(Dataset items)
━━━━━━━━
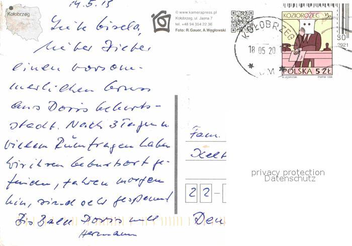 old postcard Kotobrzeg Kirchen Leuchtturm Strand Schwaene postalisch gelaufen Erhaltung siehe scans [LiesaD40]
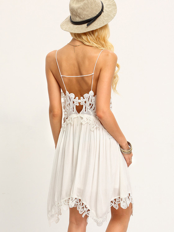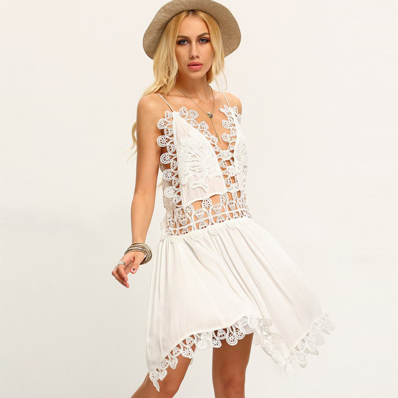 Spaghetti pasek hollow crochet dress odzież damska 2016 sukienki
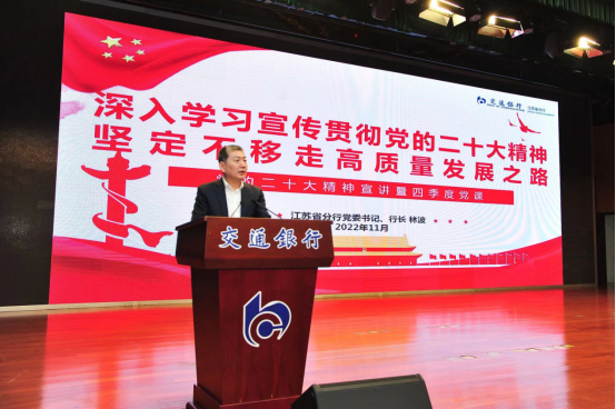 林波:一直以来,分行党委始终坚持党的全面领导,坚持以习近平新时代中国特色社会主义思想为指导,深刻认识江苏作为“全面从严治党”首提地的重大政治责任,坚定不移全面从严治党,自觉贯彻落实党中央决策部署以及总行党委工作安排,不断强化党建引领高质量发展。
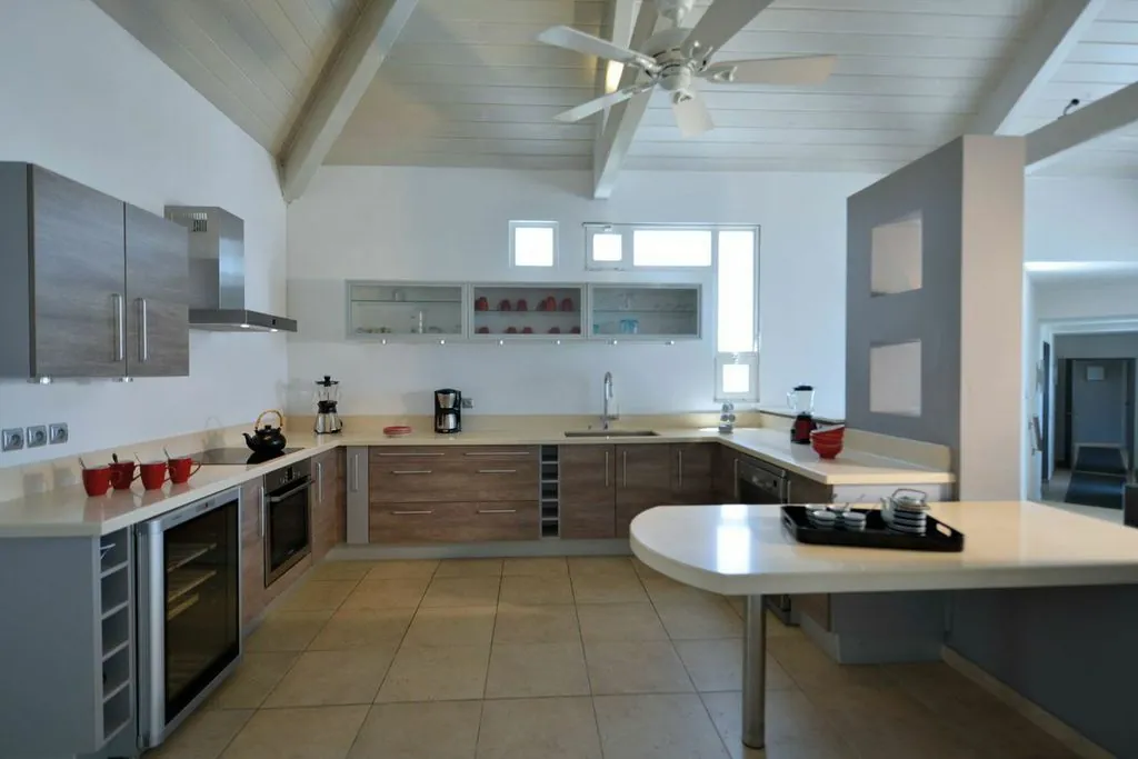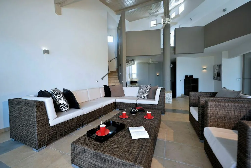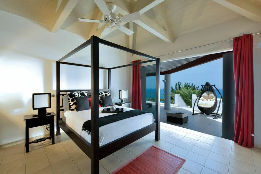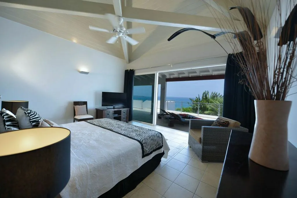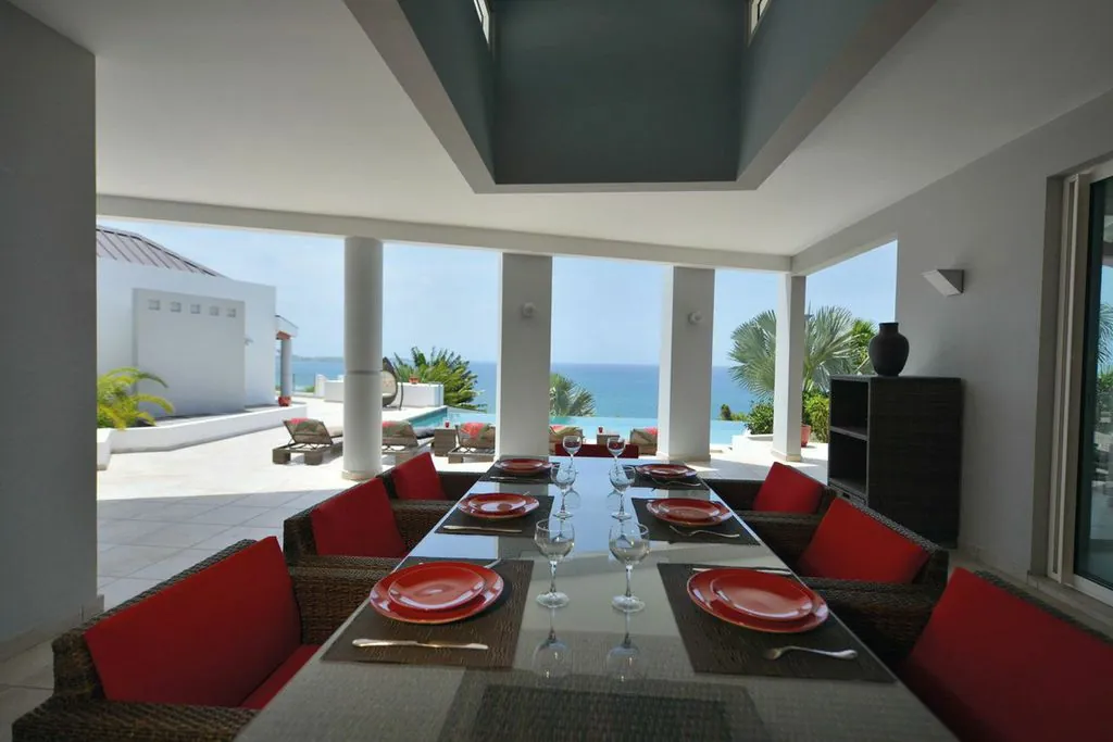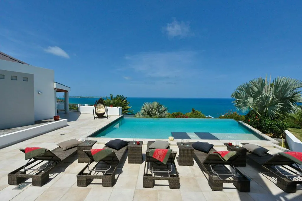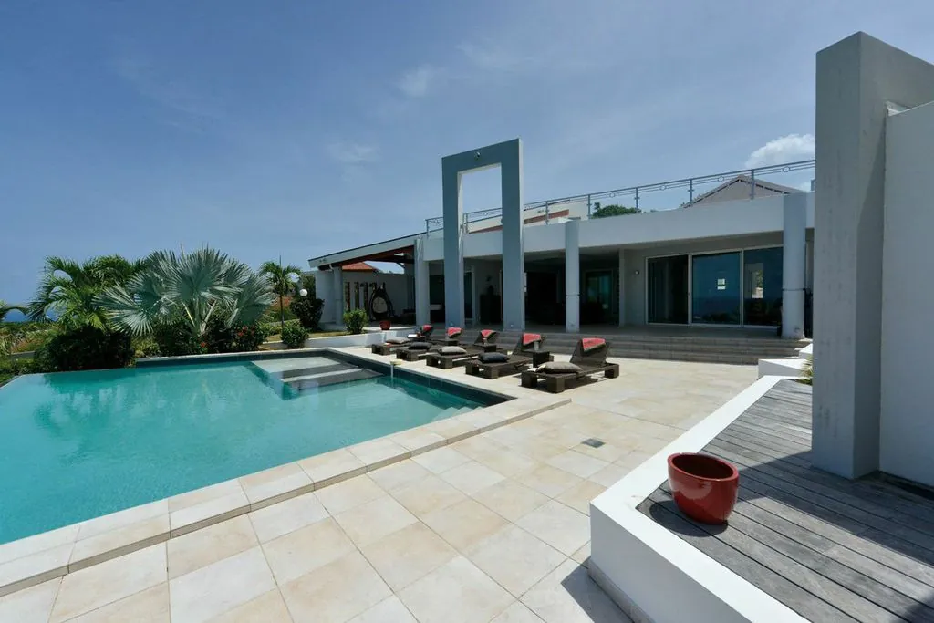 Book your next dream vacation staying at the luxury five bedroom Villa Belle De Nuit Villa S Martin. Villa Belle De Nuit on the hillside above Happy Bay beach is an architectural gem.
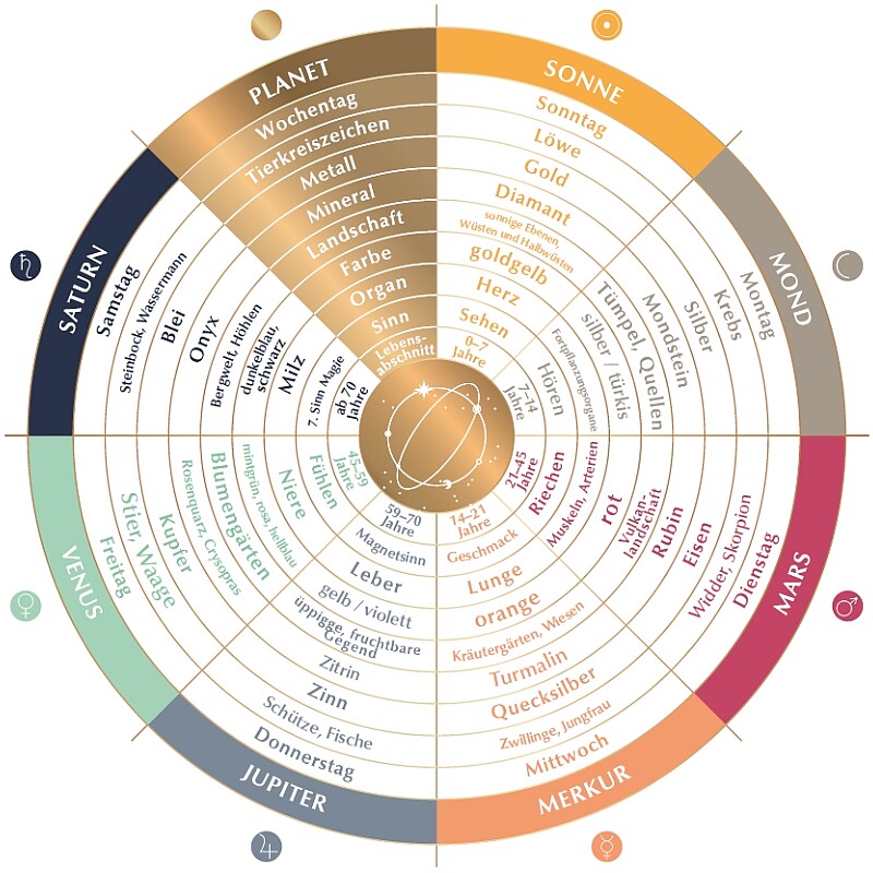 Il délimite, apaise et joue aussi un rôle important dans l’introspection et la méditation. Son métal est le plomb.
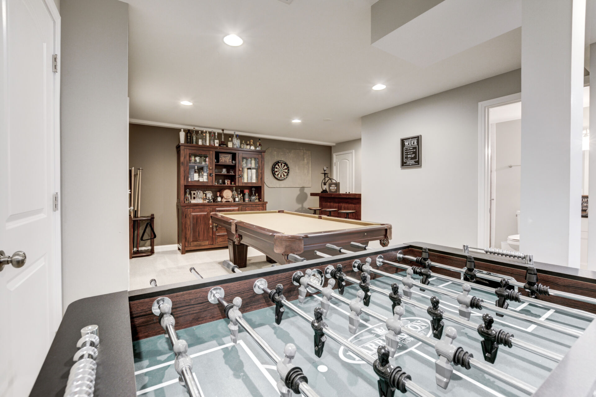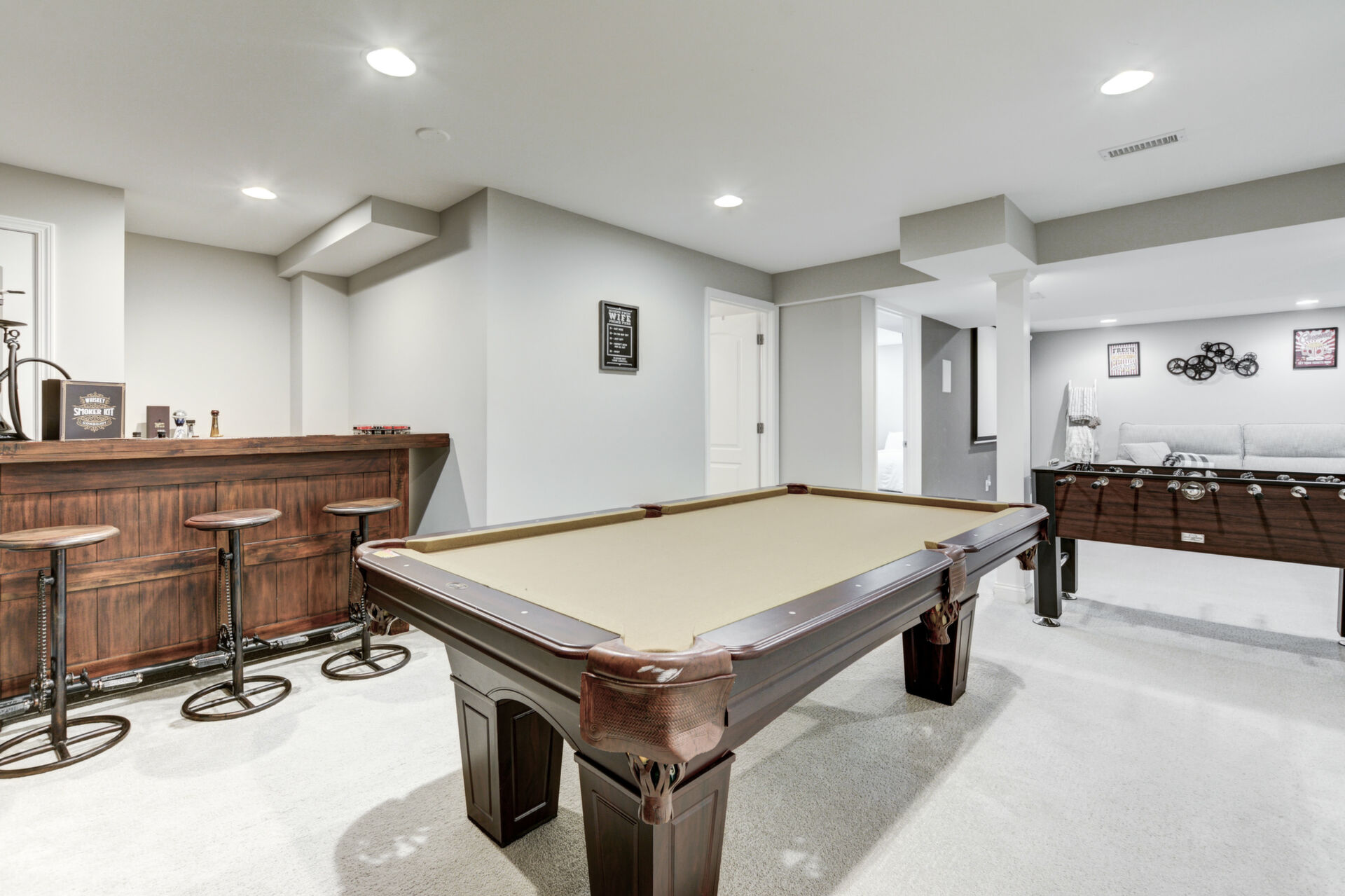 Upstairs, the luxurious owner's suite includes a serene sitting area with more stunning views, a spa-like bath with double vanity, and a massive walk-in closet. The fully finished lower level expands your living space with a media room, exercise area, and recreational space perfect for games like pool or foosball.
━━━━━━━━
◆ Work order
Copy the records above from the first line through the line containing "Spaghetti pasek hollow", both included, and leave out any pictures.

◆ Answer section
 old postcard Kotobrzeg Kirchen Leuchtturm Strand Schwaene postalisch gelaufen Erhaltung siehe scans [LiesaD40]
 Spaghetti pasek hollow crochet dress odzież damska 2016 sukienki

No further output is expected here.